Finding balance in empathetic leadership

Empathy is an essential component of being an effective manager. Here are a few ways to keep balance in mind while working toward effective, empathetic leadership.

Q: I am a manager of a Fortune 500 company and trying hard to balance being empathic with staff while making sure that the work gets done well and on time. Any suggestions?

Over the past three years, there’s been a renewed emphasis on empathy in management as a result of the COVID-19 pandemic. Managers needed to shift their paradigm and understand that many employees were encountering new challenges in the way they lived and worked, and understanding those challenges helped alter their approach to ensure the best outcomes for their teams amidst new challenges.

Being a manager is a juggling act of two things: getting work done and caring about how the work gets done. Empathy is an essential component of being an effective manager – connecting with others to understand how to help them bring their best efforts to the table is vital in any leadership role – but there needs to be a balance. Here are a few ways you can keep that balance in mind while working toward effective, empathetic leadership.

Evaluate your options from an empathetic place

As a manager, you have a broad understanding of your employees’ scope of work, and you can use that understanding to put what your employees need in the context of the work they must do – and the support you can offer them.

For example, if an employee is dealing with a suddenly ill child but has a report due to you that day, an empathetic leadership choice would be evaluating the work they’ve already done, how much of that report you actually need to complete your task, and who else might be available to assist this employee so they can take care of the issue in their personal life.

Management is about resource allocation, after all, and allocating the resources of time and support to employees should be a decision made from empathy. It’s likely never an all-or-nothing game; there’s always a grey area that you can find to empower your employees from a place of empathy while also getting the work done.

In the same vein, leaving your door open (literally or figuratively) to employee concerns is another important element of empathetic leadership. Hearing and understanding what employees really need to do their work well is a great way to be sure you can evaluate their work within the full context of what they need to do their jobs – and it ensures employees feel they can come to you with concerns or issues as they arise.

Understand your employees’ working environment

Lately, we’ve been seeing more and more organizations thinning out their workforce through layoffs and other restructuring measures. Not only are people being taxed at work as a result – they’re picking up the slack of those who have been laid off – but they’re also losing the capacity to think about and learn skills that build their careers. They’re too focused on the momentum of getting tasks done day-to-day that seeing the bigger picture isn’t a priority.

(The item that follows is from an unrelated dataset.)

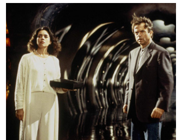
1994 L'ANTRE DE LA FOLIE (In the Mouth of Madness) de John Carpenter avec Julie Carmen

Working under those conditions is challenging for everyone, and it’s important to take the work environment into consideration when looking at how and where people on your team are struggling. Building opportunities for collaboration and cooperation has never been more important, and consistently evaluating what’s working and what’s not in that vein is one of the best things you can do to make sure your team is still able to support one another despite all the other pressures they may have to contend with.

Returning to the example from earlier – where an employee must take a day off to manage a sick child unexpectedly but has an unfinished report due to you that day – having a broad understanding of everything on your other employees’ plates can serve you well here. If you know not only who might be free to finish this report, but also who would be willing and able to do so to help their colleague, you’re able to approach that person trusting they have the emotional intelligence to want to support someone going through a difficult time. You can delegate this work to them knowing that you’ve built a team of people who genuinely want to support one another – which is, at its core, what great management is about.

Ultimately, being an empathetic leader is about making connections – both in aligning employees with resources and making sure they can support each other so they can do the best work possible. No one wants to rally around a manager that pits colleagues against one another, but demonstrating you’re committed to making sure everyone has the people and resources they need to do their best work will go a long way toward building a leadership model that focuses on getting good work done and on how that can best happen.